The question lingers in the air. Truth becomes much more bitter when applied to the aspects of life that cannot be changed. Coyness fails him. Guilt sits heavily in its place. She seems surprised. Another burning tear drops, though she holds herself amazingly steady.
“Yes. He took me out with him a couple of times, me and some girls from school. They loved him.”
“I bet they did,” he scoffs.
Then she smiles as her gaze drifts to the table.
She says, “It was fun. And guys weren't allowed to talk to me. He broke a man's hand once.”
Mechanically, he reaches for the razor. A dam is about to break, and he can't have it. He doesn't have the emotional fortitude to withstand another breakdown just yet. A part of him he believed to be dead sparks. His brother may have been misguided, but at least he protected Emma.
She watches him with keen interest, captivated by his experienced hands like those of a seasoned chef as they dice the coke.
“If you ne
ed somewhere to go, just ask me. Knowing Caleb, he took you girls to Bamboo. Stay out of that shit hole side of town, ok?”
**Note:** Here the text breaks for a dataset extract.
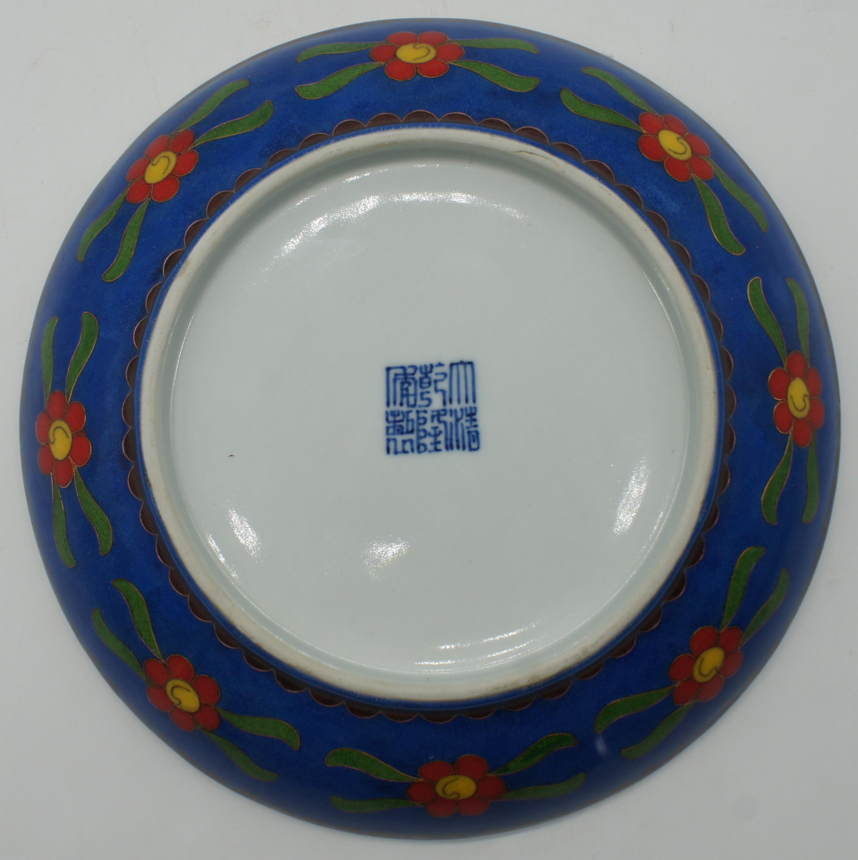 大清乾隆年制款瓷胎画珐琅花卉纹赏盘 22*5cm

She blinks, opens her mouth, then closes it with another blink. He has called her out, claimed her eyes with the demand for response. Then she nods. He sighs, uncertainty apparent in his frown.
“Ok,” she says.
“Ok,” he whispers, looking away to cut two lines.
He sets the blade down with the tiniest clink and again seeks his pocket. He retrieves a short, glass straw and holds it out to Emma.
“I still think you're stronger than us, by the way.”
She wipes the tears away with the back of her hand, staring at him with nonplussed ferocity. She takes it in slow motion, waiting for him to suddenly snatch it back and berate her. He hands it over freely. Then he pushes the mirror her way.
“You quit this once,” she says then bends over the surface.
She inhales, feeling the burn for only seconds. Excess slides down the back of her throat. She swallows with pinched features.
“Things are different now. Never show that it tastes bad.” He chuckles. “That's the best way to draw attention to yourself.” The look of detest remains firmly in place as she reaches the straw back to him. “Besides, you're too pretty to make that face.”
In mere seconds, her cheeks blush profusely. Her teeth grind, and she swallows audibly. He laughs, a real laugh that sounds and feels like old times. The deviant prince rears his head. It has been a while. Guitar and a gruff bluesy voice ease tension in his shoulders.
She passes the mirror to him with a forcefully unamused look that makes him laugh again. He takes his line quickly, bending like grace and clearing the evidence of their transgressions completely. Then he sits back and says with a smirk, “Always clean up when you're done.”
He wipes the razor on his jeans, picks up the mirror and blows on its surface. He gives it to her to put in the drawer of the table. She makes a small “hmph” as she narrows her eyes at him. He smiles as he collapses into the chair, letting his head rest on the back of it, freeing his heightened senses to run rampant. The sigh that escapes his lips is a contented one.